In this notebook, we will **develop a neural network model** to predict the spindle current using the same set of process features. The goal is to compare the performance of a **deep learning approach** with the previously used **Random Forest model**.

By completing this exercise, you will:

- Understand how to design and train a **feedforward neural network** for regression tasks  
- Learn how to **scale data** before training a neural network  
- Apply **performance metrics** such as **MAE**, **MSE**, and **R²** to evaluate model performance  
- Visualize **learning curves** and compare predicted vs. actual values  

### Given Information and Guidelines

You are provided with:
- Training, Validation and Testing datasets: `df_Train`, `df_Val`, and `df_Test`  
- A list of **features** and the **target variable**
- Evaluation metrics to use:  
  - `Mean Absolute Error (MAE)`  
  - `Mean Squared Error (MSE)`  
  - `R² Score`

>### The **neural network architecture and hyperparameters** (number of layers, units, dropout, learning rate, etc.) are **not provided**. You must **tune and select** them yourself through experimentation.

## Step 1: Import Libraries and Set Up Environment

Import all missing libraries in this cell, if there are more required ones depending on your neural network (e.g., tensorflow)

In [None]:
import pandas as pd
import matplotlib.pyplot as plt
import glob
import os
import time
import numpy as np
import seaborn as sns
from sklearn.metrics import mean_squared_error, mean_absolute_error, r2_score
from sklearn.preprocessing import StandardScaler


# Consistent plot style
sns.set(style="whitegrid")

files = sorted(glob.glob("Rough_Train_New*.csv.gz"))
dfs = [pd.read_csv(f, compression="gzip") for f in files]
df_Train = pd.concat(dfs, ignore_index=True)
df_Test = pd.read_csv("Rough_Test_New.csv.gz", compression="gzip")
df_Test_2 = pd.read_csv("Rough_Test_D6D6D8.csv.gz", compression="gzip")
df_Val = pd.read_csv("Rough_Val_New.csv.gz", compression="gzip")


## Step 2: Data Verification
Before modeling, ensure that **no overlap** exists between training and test data.
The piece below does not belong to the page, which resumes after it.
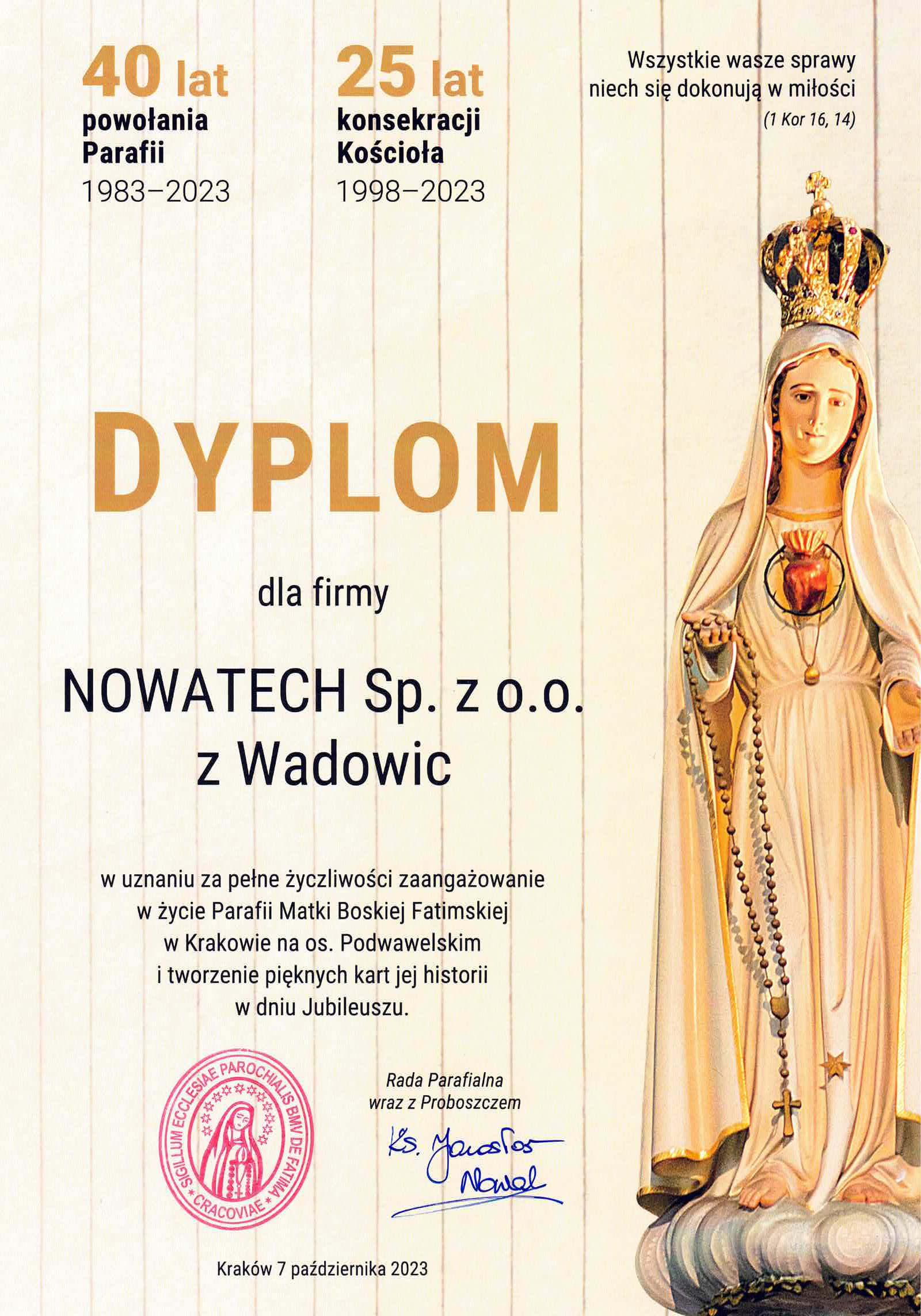 Z dumą informujemy, że Prezes Zarządu Nowatech, Ewelina Młynarczyk, została uhonorowana Diamentowym Certyfikatem Rzetelności Płatniczej podczas jubileuszowej 15. Gali Rzetelna Firma, która odbyła się 9 października 2025 roku w hotelu DoubleTree by Hilton w Warszawie. To prestiżowe wyróżnienie przyznawane jest firmom, które przez wiele lat prowadzą działalność w sposób uczciwy, przejrzysty i odpowiedzialny, potwierdzając najwyższe standardy w zakresie wiarygodności płatniczej i etyki biznesowej. Udział Prezes Eweliny Młynarczyk w tym wydarzeniu to nie tylko osobisty sukces, ale także dowód uznania dla całej firmy Nowatech. Diamentowy Certyfikat to efekt wieloletniej, konsekwentnej pracy całego zespołu oraz partnerskich relacji z Klientami i Kontrahentami. Rzetelność i zaufanie od zawsze są fundamentem naszej działalności. Nowatech to rodzinna firma ceniąca sobie nade wszystko wartości takie jak zaufanie, uczciwość, przejrzystość w prowadzeniu biznesu i otwartość na rzetelną współpracę. Firma Nowatech od lat stawia na odpowiedzialne prowadzenie biznesu, budując trwałe relacje oparte na transparentności i uczciwości. Diamentowy Certyfikat Rzetelności Płatniczej jest kolejnym potwierdzeniem wysokich standardów, którymi kieruje się w codziennej działalności. Serdeczne podziękowania kierujemy do naszych Klientów, Partnerów Biznesowych oraz całego Zespołu Nowatech – to dzięki wspólnemu zaangażowaniu możemy nieustannie się rozwijać i realizować nasze cele w duchu rzetelności.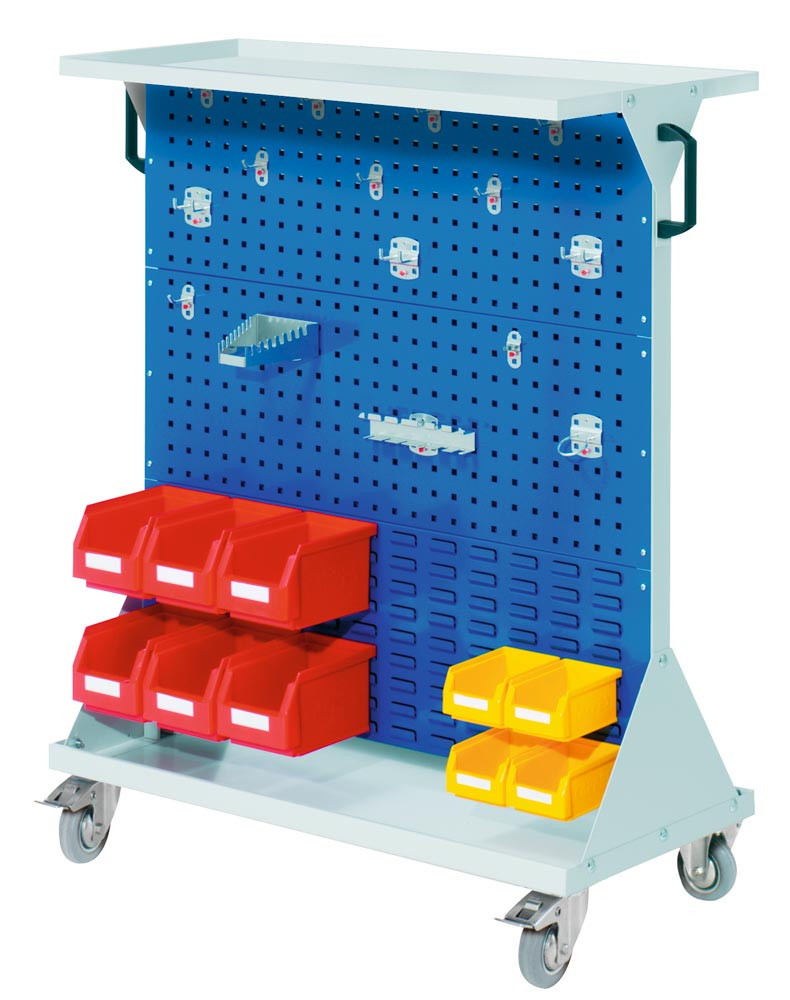 Werkstattwagen, 4 Loch-/2 Schlitzpl., 1 Hakensort. 15-tlg., 10 Kästen, BxTxH 1000x500x1270 mm, 1 Auflageboden Stahl, RAL 7035/5010 EP535984

Look into Notebook 4 for inspiration. 

## Step 3: Define Features and Target

In [None]:
# Define target variable and feature list
target_variables = ['ACT_CURRENT_S']

features = [
    'ACTIVE_TOOL_LENGTH', 'SPINDLE_SPEED', 'Fz_N', 'Fy_N', 'Fx_N',
    'MultiDexel:GridX-EngagementHeight', 'MultiDexel:GridY-EngagementHeight', 
    'MultiDexel:GridZ-EngagementHeight', 'Tool_Diameter', 'Feed_Rate', 
    'Feed_per_Tooth', 'Cutting_Speed', 'ae', 'Qw', 'F_xyz'
]


## Step 4: Data Preprocessing

Before training a neural network, the input features must be **standardized** to have zero mean and unit variance.

In [None]:
scaler = StandardScaler()

X_train = scaler.fit_transform(df_Train[features])
y_train = df_Train['ACT_CURRENT_S'].values

X_val = scaler.transform(df_Val[features])
y_val = df_Val['ACT_CURRENT_S'].values

X_test = scaler.transform(df_Test[features])
y_test = df_Test['ACT_CURRENT_S'].values

## Step 5: Build and train the neural network

### Guidelines:
- Use **Dense layers** with `ReLU` activations  
- Include **Dropout layers** for regularization  
- Experiment with different **numbers of layers** and **units per layer**  
- Compile the model using:
  - **Loss:** Mean Squared Error (`'mse'`)  
  - **Metric:** Mean Absolute Error (`'mae'`)  
  - **Optimizer:** `Adam` with a learning rate you choose  
- Implement **EarlyStopping** to prevent overfitting (monitor `'val_loss'`)

## Step 6: Model Evaluation

After training, evaluate your model using the following metrics:
- `R² Score`
- `Mean Absolute Error (MAE)`
- `Mean Squared Error (MSE)`

Compare the results against the **Random Forest model** from the previous notebook.

## Step 7: Visualization

Create the following visualizations to interpret model performance:

1. **Learning Curves** – plot training vs. validation loss  
   *(Hint: use `history.history['loss']` and `history.history['val_loss']`)*  

2. **Predictions vs. Actual Values** – compare predicted spindle current with true values  
   *(Hint: `plt.plot(y_test, label='Actual')` vs. `plt.plot(y_pred, label='Predicted')`)*